In 1992 the Government allowed four businessmen to be convicted over arms sales to Iraq which had been approved by ministers. For three years, until yesterday, that miscarriage of justice was allowed to stand, though there was documentary evidence, to which the Government was privy, that ministers had condoned the sales.

These revelations are more serious even than those that led to the collapse of the Matrix Churchill trial in 1992. In that instance, the defendants were also tried over arms sales to Iraq. But at least that case did not result in convictions: a former minister, Alan Clark, played a key role in destroying the prosecution case when he revealed in court the extent of government knowledge about what had gone on. This time, ministers seem to have done their best to keep the truth hidden.

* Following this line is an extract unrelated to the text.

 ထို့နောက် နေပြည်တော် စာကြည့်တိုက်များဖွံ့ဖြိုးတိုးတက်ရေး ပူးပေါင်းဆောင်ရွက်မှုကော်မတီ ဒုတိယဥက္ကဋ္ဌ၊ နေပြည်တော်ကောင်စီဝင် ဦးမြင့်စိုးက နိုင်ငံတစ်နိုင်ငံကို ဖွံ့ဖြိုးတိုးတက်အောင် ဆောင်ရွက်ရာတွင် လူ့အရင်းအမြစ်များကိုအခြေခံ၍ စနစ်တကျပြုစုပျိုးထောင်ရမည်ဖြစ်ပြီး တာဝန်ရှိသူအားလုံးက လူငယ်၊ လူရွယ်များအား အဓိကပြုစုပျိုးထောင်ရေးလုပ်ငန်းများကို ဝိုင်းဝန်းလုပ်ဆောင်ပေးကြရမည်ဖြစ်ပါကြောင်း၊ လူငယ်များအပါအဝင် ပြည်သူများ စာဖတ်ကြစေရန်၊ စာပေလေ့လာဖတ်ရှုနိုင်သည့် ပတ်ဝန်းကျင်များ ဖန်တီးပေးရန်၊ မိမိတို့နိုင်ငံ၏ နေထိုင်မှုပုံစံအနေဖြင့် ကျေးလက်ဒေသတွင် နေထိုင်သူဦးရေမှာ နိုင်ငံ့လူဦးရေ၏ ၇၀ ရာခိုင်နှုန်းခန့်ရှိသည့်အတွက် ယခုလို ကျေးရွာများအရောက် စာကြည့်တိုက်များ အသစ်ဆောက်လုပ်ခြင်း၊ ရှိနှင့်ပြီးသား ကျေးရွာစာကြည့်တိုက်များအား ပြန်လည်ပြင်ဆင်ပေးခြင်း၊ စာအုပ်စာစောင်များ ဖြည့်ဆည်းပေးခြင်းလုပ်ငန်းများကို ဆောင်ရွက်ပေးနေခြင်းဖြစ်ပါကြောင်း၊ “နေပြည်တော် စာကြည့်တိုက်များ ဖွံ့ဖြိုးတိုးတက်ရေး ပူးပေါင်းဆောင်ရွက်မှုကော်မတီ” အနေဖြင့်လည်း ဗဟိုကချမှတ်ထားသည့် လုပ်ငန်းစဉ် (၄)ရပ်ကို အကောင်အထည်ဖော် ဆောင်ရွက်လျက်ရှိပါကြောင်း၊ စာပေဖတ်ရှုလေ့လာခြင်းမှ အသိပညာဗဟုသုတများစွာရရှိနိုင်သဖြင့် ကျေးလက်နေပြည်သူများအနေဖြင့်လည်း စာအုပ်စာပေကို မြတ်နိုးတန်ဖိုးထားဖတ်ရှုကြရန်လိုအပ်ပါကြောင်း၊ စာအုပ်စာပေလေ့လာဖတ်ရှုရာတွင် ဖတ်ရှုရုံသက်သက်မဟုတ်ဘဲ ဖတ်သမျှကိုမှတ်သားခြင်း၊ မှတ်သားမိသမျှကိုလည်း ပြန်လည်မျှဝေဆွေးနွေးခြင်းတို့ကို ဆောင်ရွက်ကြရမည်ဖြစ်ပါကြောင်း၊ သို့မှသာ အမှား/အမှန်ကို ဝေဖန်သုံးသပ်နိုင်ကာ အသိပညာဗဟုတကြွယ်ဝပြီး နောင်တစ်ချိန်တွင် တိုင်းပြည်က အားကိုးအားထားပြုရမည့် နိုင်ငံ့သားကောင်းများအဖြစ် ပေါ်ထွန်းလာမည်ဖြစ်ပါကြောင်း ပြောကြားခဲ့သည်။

It becomes ever clearer that through the late Eighties Britain had a secret foreign policy to allow Saddam Hussein's regime to be supplied with weapons via Jordan. Parliament was not told. As far as MPs were aware, the 1984 guidelines still applied: that neither Iraq nor Iran should be supplied with lethal equipment. The public was not informed that the rules were slightly relaxed in 1988, and in any case were being widely flouted. And when the secret seemed likely to slip out during trials of the arms salesmen, documents demonstrating government duplicity were suppressed using public interest immunity certificates (PIICs)

It is not difficult to understand why officials and ministers would be keen to hush up this scandal. If the country involved had been different, governed by any old tinpot dictatorship, perhaps the public would not have cared so much about a breach of guidelines. Most people would have turned a blind eye to the cavalier way in which British foreign policy was formulated. But Iraq is different. In 1991 Britain went to war with Saddam Hussein. British servicemen risked their lives against an enemy who was believed to have chemical and biological weapons and was ready to use them. Selling arms to Baghdad was not only duplicitous. It was also a strategic blunder.

The last time the Foreign Office made a big mistake and Britain ended up at war was over the Falklands. On that occasion, heads rolled: Lord Carrington, the Foreign Secretary, resigned. This time, those who allowed Saddam to arm himself hid behind PIICs and were prepared to let innocent men face conviction and personal ruin.

The authoritative account of how we were misled, and how errors and half- truths were covered up, has yet to be published. We still await the report of Sir Richard Scott, whose inquiry was set up three years ago. Only he can now clear up the atmosphere of deceit and subterfuge that has tarnished Britain's legal system and sullied the reputation of government. Every month that he delays his report does further damage. Publish quickly, Sir Richard.